Linda: So my boyfriend wants us to move in together.
Veronica: Why would he wants us to move in together?
Linda: No, I mean he wants me to move in with him.
Veronica: Then where am I supposed to live?
Linda: You're sabotaging this conversation, aren't you?
Veronica: Just till we get to the meeting.
Veronica: Okay, fellas, nerd it up.
Ted: We've been developing a new search engine, and unlike language based search engines, this face-matching technology uses visual recognition...
Veronica: Less nerd, more English.
Phil: You take an image of a person...
Lem: Or "picture."
Phil: And scan it into a computer.
Lem: Or "magic box."
Linda: I'm not embarrassed to say, this is helping.
Lem: It can find the subject in a crowded stadium, in the background of home movies, security cameras, webcams. It's like having eyes everywhere, but not in a bad way, like that time we spilled that container full of eyes.
Veronica: Now I fly to Vegas every other weekend to perform. For those two days, I don't have to be in charge of anything. It's a total release. All I have to do is please the man I love, and twice nightly lock him in a watertight drum, which also pleases me.
Veronica: I can't function here if people know that twice a month I put on half an ounce of spandex and hide a dove in my... let's just say it's not comfortable for me or the dove.

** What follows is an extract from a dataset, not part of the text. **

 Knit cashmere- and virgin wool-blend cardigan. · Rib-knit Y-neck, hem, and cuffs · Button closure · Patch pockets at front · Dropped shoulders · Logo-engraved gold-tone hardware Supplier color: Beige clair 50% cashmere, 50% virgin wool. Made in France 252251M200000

Lem: The search engine found someone who looks exactly like you.
Phil: Oh, my god, this is amazing. It's like looking into some bizarre alternate universe where I can drive a bull and wear tall shows with throwing stars attached to them.
Lem: Those are boots with spurs.
Linda: So I'm setting you up with my friend Rebecca. She's beautiful and a veterinarian. so when you meet her, if you start trembling and pee on the floor, she'll be okay with it.
Ted: Well, it is my move.
Ted: So people are not loving the slapping.

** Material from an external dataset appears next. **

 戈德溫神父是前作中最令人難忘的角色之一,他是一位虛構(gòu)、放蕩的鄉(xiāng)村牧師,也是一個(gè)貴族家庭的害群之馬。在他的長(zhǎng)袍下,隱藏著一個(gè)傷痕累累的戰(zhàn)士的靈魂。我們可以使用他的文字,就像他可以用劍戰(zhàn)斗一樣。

Veronica: You think I like it? Touching all those strange faces--it's gross.
Ted: Plus, you could get fired. Plus, it's a weird-ass thing to do.
Veronica: Yes, Ted, I know. I shouldn't hit people on the staff. I've been hearing that since grade school.
Mordor: I'm sorry, I won't call Veronica. She sawed my heart in half, and it wasn't one of those plastic hearts that come in two pieces in the kit with a pair of fake legs. Damn it. I keep telling people how my tricks are done.
Phil: I'm thinking confidence may be one of those things people can't tell if you really have, or are just pretending to have, like the female orgasm.
Veronica: You have to be smart to be an assistant. You have to be totally in sync with your magician. Know when to pull the wire, slip him the key, ice his nipples.
Ted: Well, after meeting Kristi, looks like Mordor's gonna have to pick a lock with flaccid nipples.
Linda: Well, have fun, you two. Don't do anything I wouldn't do! (sotto voce to Rebecca) There's nothing I wouldn't do.
Rebecca: I know. I was your roommate.
Rose: I have an opinion about that.
Ted: Well, it's not up to you, honey. When you call the shots, we end up buying boats.
Rose: A boat. One time.
Rose: I think we're done here.
Phil: No, no, it was a good thing. He saw me as a threat. I'm a scientist, Lem. I've been a threat to humanity, the environment, even Jupiter once. But never to a hot girl's boyfriend.